Sight Sciences (SGHT) Q1 Loss Of US$0.24 EPS Tests Margin Improvement Narrative
Sight Sciences, Inc. SGHT | 0.00 |
Q1 2026 results set the tone
Sight Sciences (SGHT) has opened 2026 with Q1 revenue of US$19.7 million and a basic EPS loss of US$0.24, alongside trailing twelve month revenue of US$79.6 million and a basic EPS loss of US$0.71 that keeps the story firmly in loss-making territory. The company has seen quarterly revenue move from US$17.5 million in Q1 2025 to US$19.7 million in Q1 2026. Quarterly basic EPS has ranged from a loss of US$0.28 in Q1 2025 to a loss of US$0.08 in Q4 2025 and a loss of US$0.24 this quarter, setting up an earnings season where investors are focused on how quickly margins can move toward breakeven.

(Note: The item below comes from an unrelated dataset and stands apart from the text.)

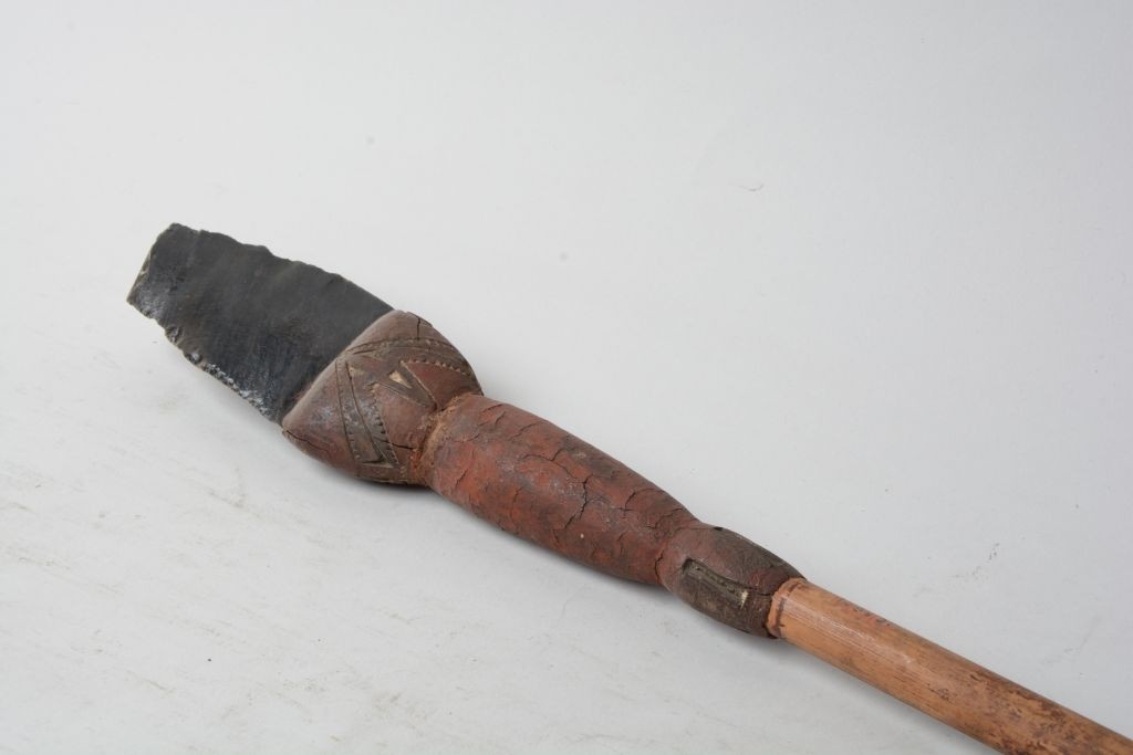 Az obszidián hegy disztális vége letörött. A törés alsó állású nyelves törés (a nyelv a törési felületnek a hátlap felőli oldalán helyezkedik el). A hegy hosszúsága [85,0] mm, szélessége 50,3 mm, vastagsága 16,8 mm (a proximális végén). Oldalnézetben egyenes profilú, szub-trapezoid keresztmetszetű, enyhén jobbra hajló pengén készült. A bal oldaléle retusált, a jobb oldalél retusálatlan. Mindkét oldalélen csorbulások láthatók.

See our full analysis for Sight Sciences.With the headline numbers on the table, the next step is to see how this earnings print lines up with the main narratives around Sight Sciences, and where the data challenges what investors have come to expect.

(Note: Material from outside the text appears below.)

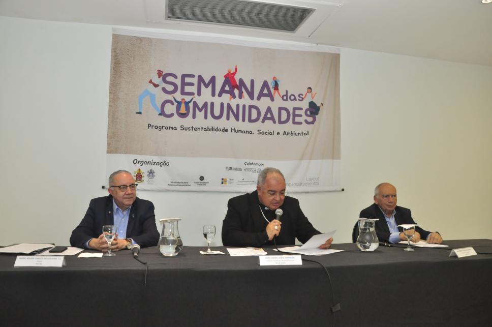O Reitor da Universidade, pe Josafá Carlos de Siqueira S.J, o Arcebispo do Rio de Janeiro, Dom Orani João Tempesta e o Vice-reitor Comunitário, prof. Augusto Sampaio na abertura da Semana das Comunidades.

Losses still heavy at US$37.3 million over 12 months
- On a trailing twelve month basis, Sight Sciences reported net income excluding extra items of a loss of US$37.3 million and basic EPS of a loss of US$0.71, compared with a Q1 2026 quarterly loss of US$13.0 million and basic EPS of a loss of US$0.24.
- Consensus narrative points to long term potential for margin improvement, yet these figures underline that earnings are still firmly negative, which sits awkwardly against expectations that profit margins could eventually move toward the broader US Medical Equipment industry average of around 12% while analysts are not forecasting profitability within the next three years.
- Revenue has grown at about 10.3% per year over the last 12 months, but this pace comes alongside continuing losses, so growth is not yet translating into positive net income.
- The five year trend of losses narrowing at about 7.6% per year is encouraging in the consensus story, but the latest trailing loss of US$37.3 million shows that any path toward that kind of margin profile would still be a long one.
10.3% revenue growth meets unprofitable outlook
- Revenue has grown about 10.3% per year over the last 12 months, slightly below the US market rate of 11.4%, while the company remains unprofitable and is expected in the supplied data to stay loss making over the next three years.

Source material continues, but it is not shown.